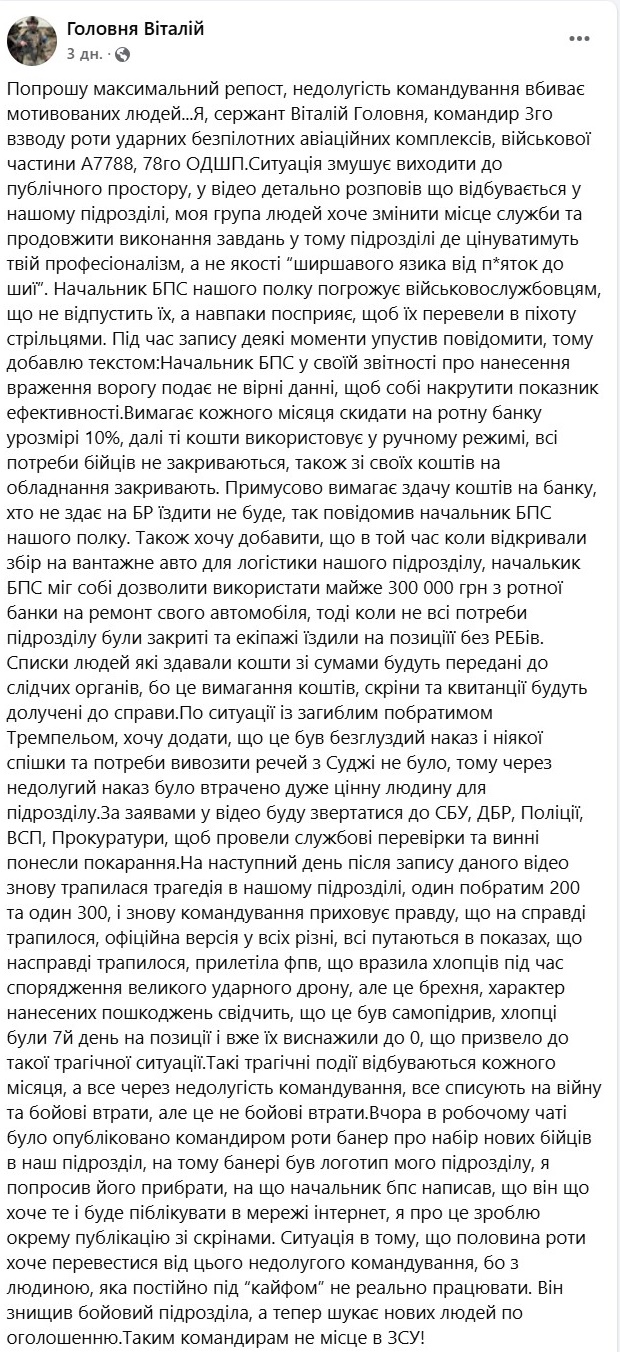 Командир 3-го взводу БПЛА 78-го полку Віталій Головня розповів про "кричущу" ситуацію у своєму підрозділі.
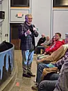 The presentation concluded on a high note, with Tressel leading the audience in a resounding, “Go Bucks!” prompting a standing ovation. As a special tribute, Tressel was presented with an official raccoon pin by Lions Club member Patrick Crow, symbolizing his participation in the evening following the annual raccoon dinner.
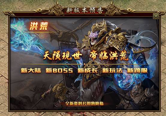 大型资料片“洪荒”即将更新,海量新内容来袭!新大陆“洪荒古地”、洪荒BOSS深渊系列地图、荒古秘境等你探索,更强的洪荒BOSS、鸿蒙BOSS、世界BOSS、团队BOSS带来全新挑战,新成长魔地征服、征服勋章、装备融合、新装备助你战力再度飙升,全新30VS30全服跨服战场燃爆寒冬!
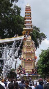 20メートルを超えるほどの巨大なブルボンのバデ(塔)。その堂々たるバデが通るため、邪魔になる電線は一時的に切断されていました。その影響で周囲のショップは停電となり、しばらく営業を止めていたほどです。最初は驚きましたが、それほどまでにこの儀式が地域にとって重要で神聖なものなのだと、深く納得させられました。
★ ★ ★ ★
Your instructions: Give again, word for word, every line from the top of the data above to the line holding "The presentation concluded", inclusive, with the pictures left out.

Written response:
 Командир 3-го взводу БПЛА 78-го полку Віталій Головня розповів про "кричущу" ситуацію у своєму підрозділі.
 The presentation concluded on a high note, with Tressel leading the audience in a resounding, “Go Bucks!” prompting a standing ovation. As a special tribute, Tressel was presented with an official raccoon pin by Lions Club member Patrick Crow, symbolizing his participation in the evening following the annual raccoon dinner.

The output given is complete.